# Changing work rights of bridging visa e



## stephyj86 (May 25, 2013)

Hey everybody

I am new here and hope I've posted this in the right place!

I am looking for advice from people who have recently applied to change the work rights of a bridging visa E.

Situation is this - 

am here on 457 visa, hate my job and my corupt company and need to leave. Do not want to move to another restaurant manager job as I need to make a change in my life. 
Have an existing application for a partner 820 visa.... am currently enjoying the unknown length of time (up to 13 months) of processing and I can't hack waiting any more.

I want to quit my job and I know that i will become unlawfully here and have to go on a BVE. I really need to work as Sydney is so expensive. Does anybody have any idea about the process of changing work rights for it? Is is hard work? I know I have to show financial hardship and believe me living off my partner's sole income would mean we couldn't pay the rent, would that be enough proof for them? 
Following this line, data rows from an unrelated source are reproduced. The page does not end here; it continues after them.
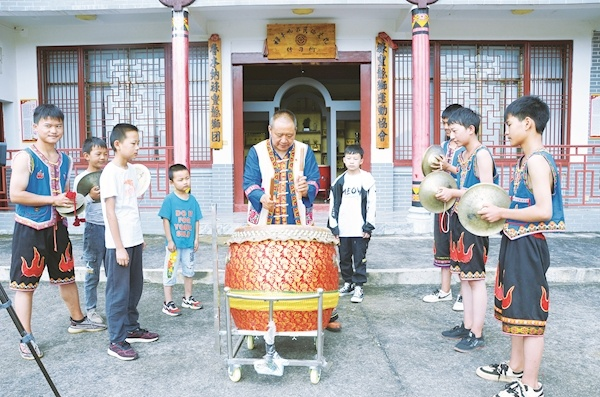 中村乡非遗传承人向青少年传授非遗技艺。
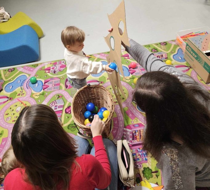 Następnie dzieci i rodzice wspólnie przystąpili do ozdabiania bombek i choinek. Kolorowe ozdoby, błyszczące elementy i różnorodne materiały plastyczne pozwoliły na stworzenie wyjątkowych dekoracji, które z pewnością upiększą domowe świąteczne drzewka. Na zakończenie zajęć każdy mógł udekorować choinkę kawałkami bibuły, co było nie tylko twórczym wyzwaniem, ale i świetną zabawą.
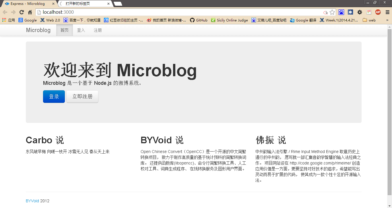 為了開始學習nodejs,一開始選擇了《深入淺出nodejs》這本書,看了幾章之後,得出一個結論是:真是一本好書,但是還是不會寫nodejs!然後選擇了另外一本教材《nodejs開發指南》,由於看過了《深入淺出nodejs》,直接跳過了這本書的前幾章,寫起了該書第五章的微博實例。作為一個新手,在寫的過程中,才逐漸發現因為express版本升級的原因,書中的代碼很多已經不能用了,這對於新手來講,真是痛苦的經歷!!本著分享和學習的精神,特此奉上《nodejs開發指南》微博實例express4.x版本源碼和編寫過程中需要注意的問題。
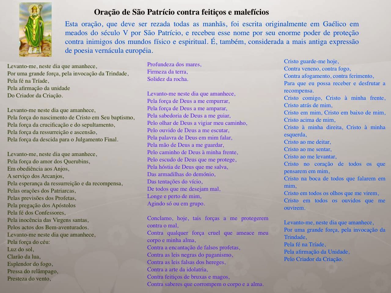 Oração de São Patrício. Hoje me levanto com poderosa força e invoco à Santíssima Trindade com trinitária fé professando a unidade do Criador e da criatura. Hoje me levanto com a força do nascimento de Cristo graças a seu batismo, com a força de sua crucificação e morte, com a força de sua ressurreição e ascensão, com a força.
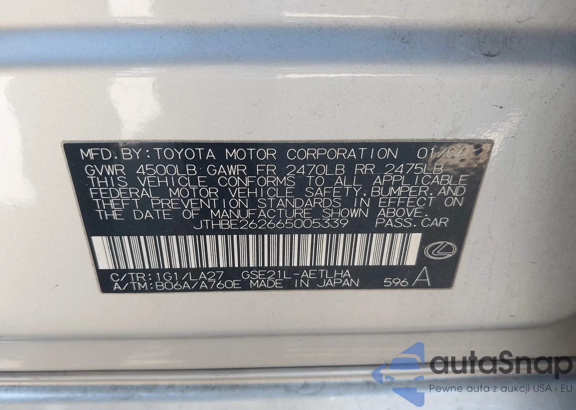 LOT: 44303746 VIN: JTHBE262665005339
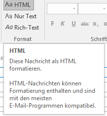 Ein Klick auf diese Infobar wandelt die Nachricht zurück in das HTML-Format um.

Any advice would be wonderful, I am scared to take the steps as I really will be screwed if I can't work. 

I await your replies!!!

Thanks so much


----------



## Guest (May 25, 2013)

You just apply and it should be granted no problem but be wary about claiming poverty etc. Because your partner has to prove they can sponsor you for the 820 so its something you have to tread carefully with. 
But saying you share expenses, look after each other etc.


----------